# Fuji Professional for $1,550.00 at Performance



## Jaybo (Mar 5, 2002)

They are dumping the 2004 Fuji Team Performance for cheap. It is all Dura Ace except for the Ritchey wheels and Ultegra brakes. Nonetheless, a great deal. The frame is really pretty nice and the fork light. Not bad. The bike rides well. The Ritchey wheels kinda of suck but for that price you can't be too picky. 

Jaybo


----------



## allezdude (Feb 18, 2003)

*what state are you in?*

mine has them for $1670


----------



## Jaybo (Mar 5, 2002)

*In Oregon*



allezdude said:


> mine has them for $1670



They are $1,699 minus $150 instant rebate because it is an '04 bike. A good bike at an even better price. 

Jaybo


----------



## allezdude (Feb 18, 2003)

*61s?*

Did you see any 61s there? Can't find one anywhere. Thanks.


----------



## Ridgetop (Mar 1, 2005)

*The Sacramento Store*

on Howe Ave had a 54 in stock. They also have some '04 Marseilles and Provences for around 1150.00. Not sure on the sizes but I just picked up a 56 Marseilles for less than 1200.00.


----------



## Byron (May 29, 2004)

*61cm*



allezdude said:


> Did you see any 61s there? Can't find one anywhere. Thanks.

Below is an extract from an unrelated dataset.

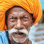 An old man stands in Bundi Rajasthan wearing a bright turban and looks directly at the camera. His expression shows wisdom and experience.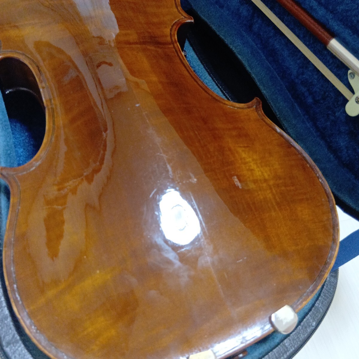 前の所有者さんの説明では、「購入時に100年くらい前のフランスかドイツと聞いています。楽器店では30から40万程度で販売されているランクの楽器ではないか」とのことでした。

I have a 800 mile used 2003 fuji team. If you would be interested in purchasing please let me know. I will be unable to use the bike this season and need to let go. My email is [email protected]
happy riding
byron
new jersey


----------



## p lo (Sep 26, 2002)

*58 here*

used one spring/summer

9 sd dura ace
salsa bars
Thomson seatpost/stem
flight saddle
older ksyruim wheels or new ones for more $
renolds fork

i need to pay my taxes...... make me an offer

pl


----------



## taar44 (Jun 16, 2002)

Did they sell out of Fujis? All i see on performance is a brand called Tirreno.


----------



## Ridgetop (Mar 1, 2005)

*They don't sell them over the web.*

They aren't listed on the webpage and they won't sell them mail order. You have to go into the stores to see what they have and buy them there. Their service (although friendly) is pretty much minimal at best as far as getting you properly fitted out though. Make sure you know what size you need or find someone that can help size you. Unless you are lucky you may not get fitted out properly otherwise. I like their store as far as the deals I can get but haven't had the best of luck with getting bikes fitted correctly.


----------